ふりむいたアピアンに少年は目でうなずいた。何もかもわかっている、といいたげに。
なんだ、この――
アピアンは手助けの礼を返そうと思った――はずだった。
それなのに少年のそんな様子をみたとたん、なぜか、自分でも理不尽に感じるような怒りと苛立ちがむくむくとわきあがったのだ。
あとで思えばそれは、少年の方が「勝っている」と感じたせいかもしれなかった。あるいは自分が「負けている」と感じたせいかもしれない。とにかくアピアンは――気に入らなかったのである。
礼どころか、アピアンはふんっと顔をそむけ、前方に姿勢をあらためた。ちょうどよく出発のラッパが響いた。
――それが、王国の第一王子アピアンとセルダン・レムニスケートの、最初の出会いだった。
アピアンとは逆に、父王はセルダンをひと目で気に入ったようだ。
少年と再会したのはパレードの翌日、レムニスケート家の当主が隣国の姫君に拝謁した時だった。父王はレムニスケート当主に全幅の信頼を寄せていた。子供のアピアンにもわかるくらいだから、宮廷では周知の事実だった。当主は少年を「甥のセルダン」だと紹介した。

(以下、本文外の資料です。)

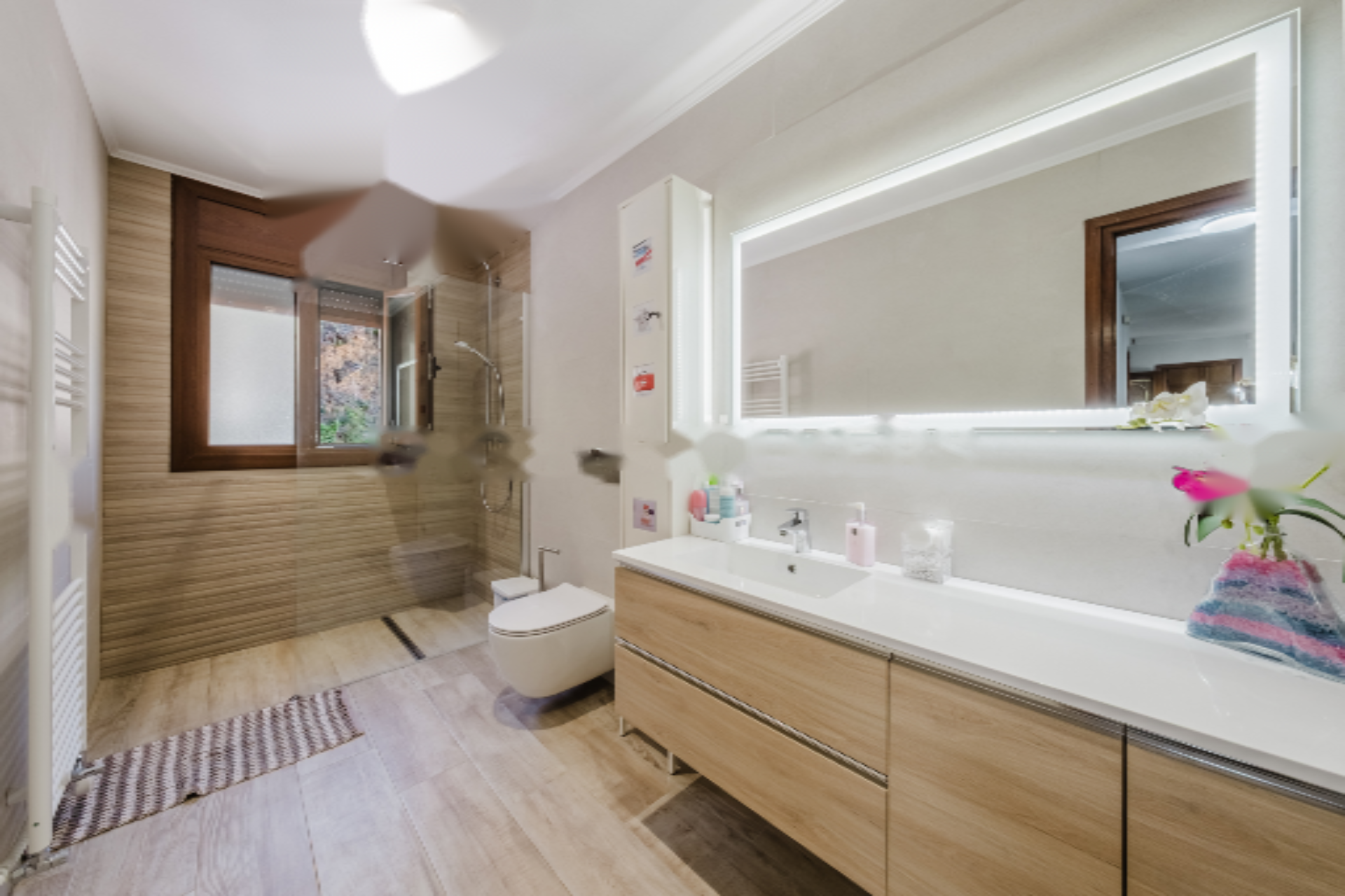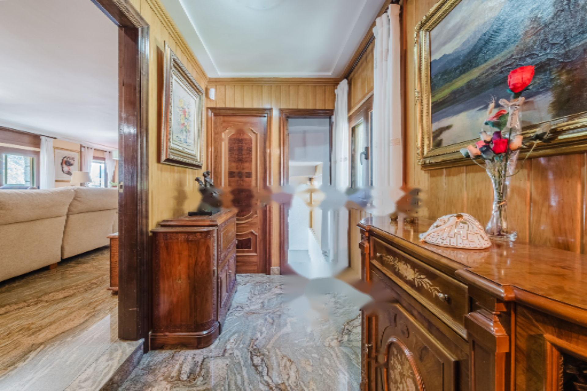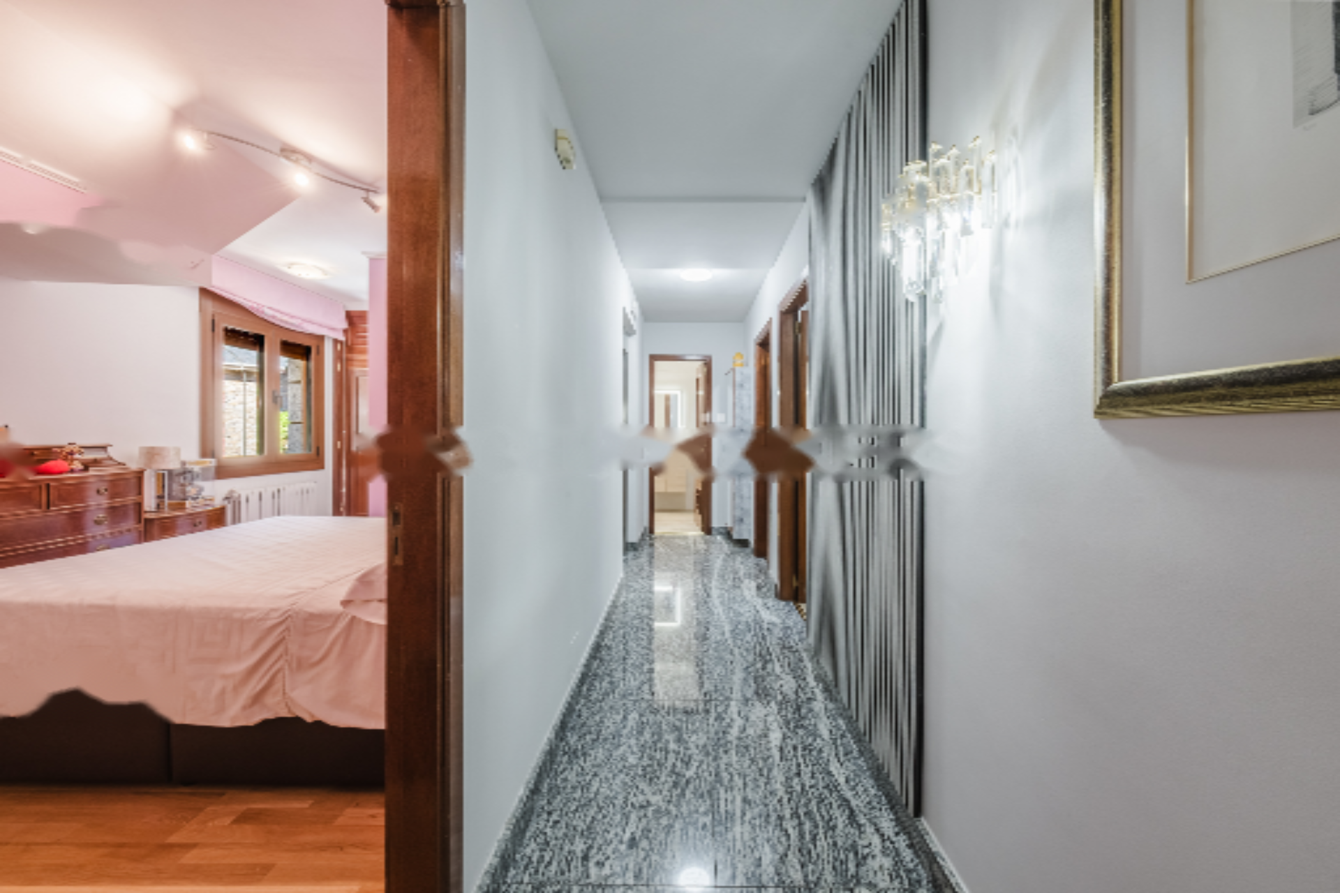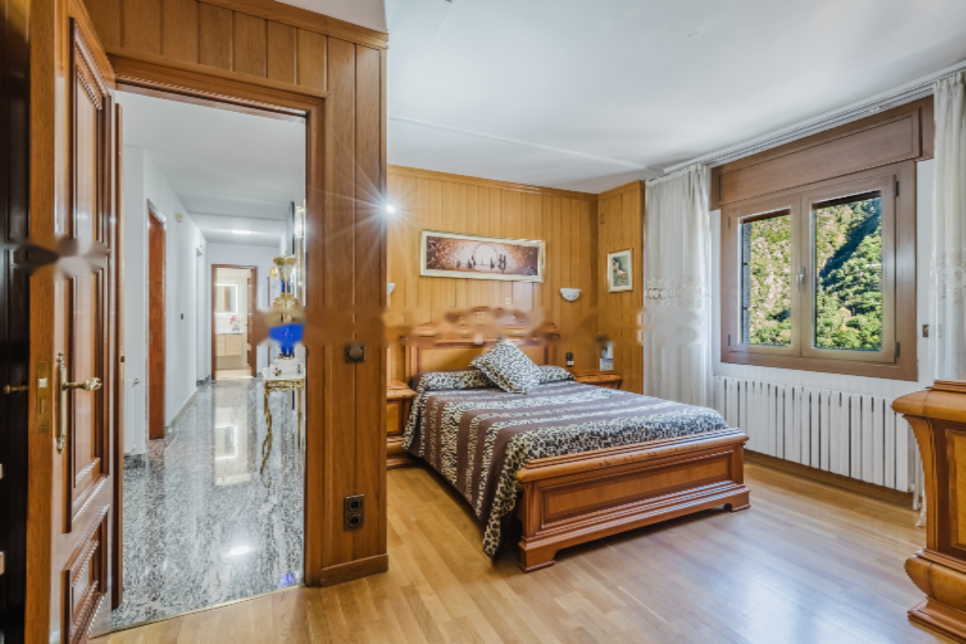 Дом распределен на пяти этажах и включает шесть спален и пять ванных комнат, каждая из которых разработана для обеспечения максимальной приватности и комфорта. Основные комнаты выделяются своей светлостью и просторностью, открывая великолепные виды на окружающую природную и горную среду.
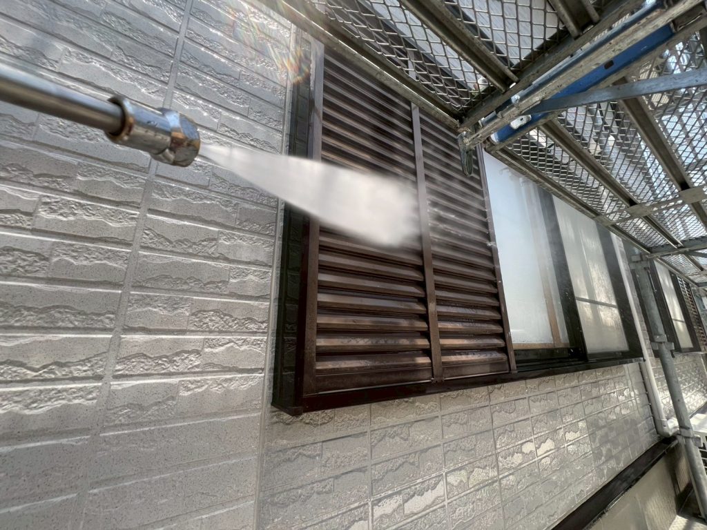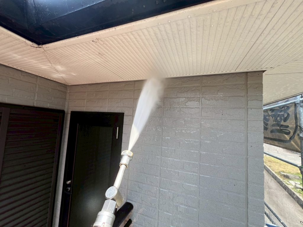 次に、塗装前の大切な下地処理として薬剤噴霧と高圧洗浄を行います。
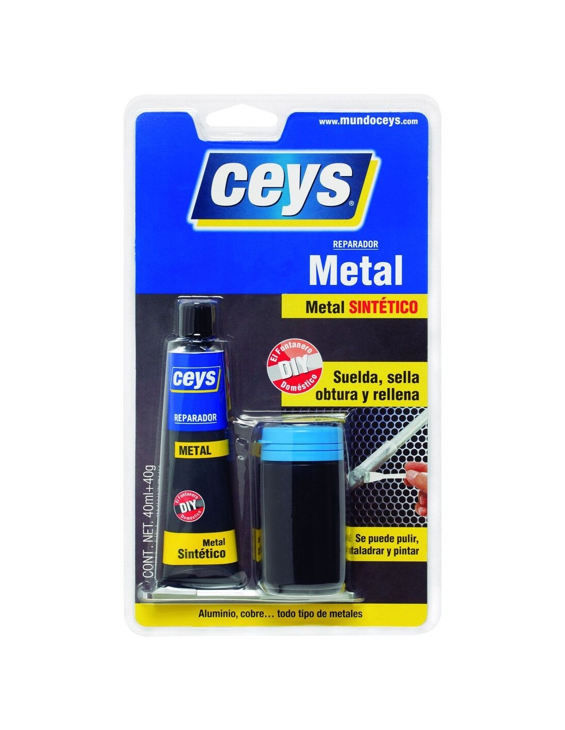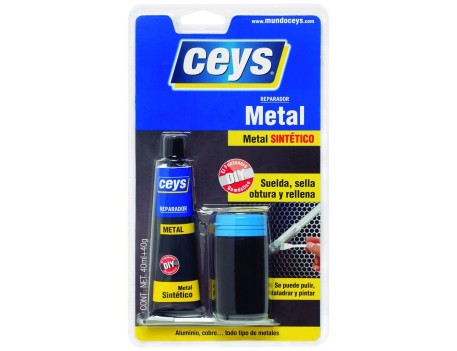 Reparador de metal CEYS en blister, ideal para arreglos en metal, madera y plástico. Resistente y fácil de usar, perfecto para bricolaje y reparaciones.

「昨日のパレードにいた騎士団長がこの子の父で、私の兄になります」
あいつ、騎士団長の息子だって?
広間の一角におとなしく座っていたアピアンははっとして背を伸ばした。中央では姫君が意外そうに目をみひらく。
「お兄様が騎士団長様で、当主があなた?」
「レムニスケート家の当主座は一族の合意によって選ばれるのです。我々は長子や血統にこだわらない伝統です。ずっと王家に仕えるために」
「レムニスケート家は王国の礎だ」
父王が姫君に機嫌よく話しかける。こんなに上機嫌な王をみたことはあったかと、アピアンはこれにも目をみはる。
「王城の防備は彼らによって鉄壁のものとされている。遠い昔、祖先とともに王城を築いたのも、レムニスケートの最初の九人だった。セルダン、といったな。将来はどうしたい? 父や叔父のように、この国を守る騎士になるか?」
アピアンがじっとみつめるなか、少年は完璧な――少なくともアピアンにはそうみえた――礼をして、はきはきと答えた。
「はい。いずれ父や当主に追いつきたいと思います」
すこし高めの子供の声なのに、落ちついて思慮深く響いたのは気のせいか。
父王は顔をほころばせた。
「頼もしいな。昨日のパレードでは息子のうしろにいただろう。アピアン?」
アピアンはあわてて立ち上がった。
「父上」
「きっとおまえたちはよき友になるだろう。人生で何よりも重要なものだ」
父王の言葉はセルダンへ投げかけられたものだった。アピアンはただ、聞いていたにすぎない。少年は顔をあげ、王に正面から答えた。
「大変な光栄です、陛下」
「アピアン、聞いたか?」
父王は嬉しそうに笑い、姫君も微笑んだ。
しかしアピアンはむしろ「友」という言葉に苛立っていた。よき友になるだろう、と王がいったのは、単に自分がセルダンを気に入った、というだけのことにすぎない。彼がアピアンの友になれるかなんて、どうしてわかるのか。
セルダンにも腹が立った。昨日のパレードのとき、彼の無言の手助けはアピアンのひそかな恐れを払拭してくれたにもかかわらず、である。助けてもらったという後ろめたさや劣等意識も働いていたのかもしれない。
それでもアピアンはこれらのもやもやを飲みこんで、いつものように父王に返事をする。
「はい、父上」
こうしてセルダン・レムニスケートは「王子の友人」とみなされることになった。おたがいにどんな感情を抱いているのか、抱くようになるのか、知ることもなく。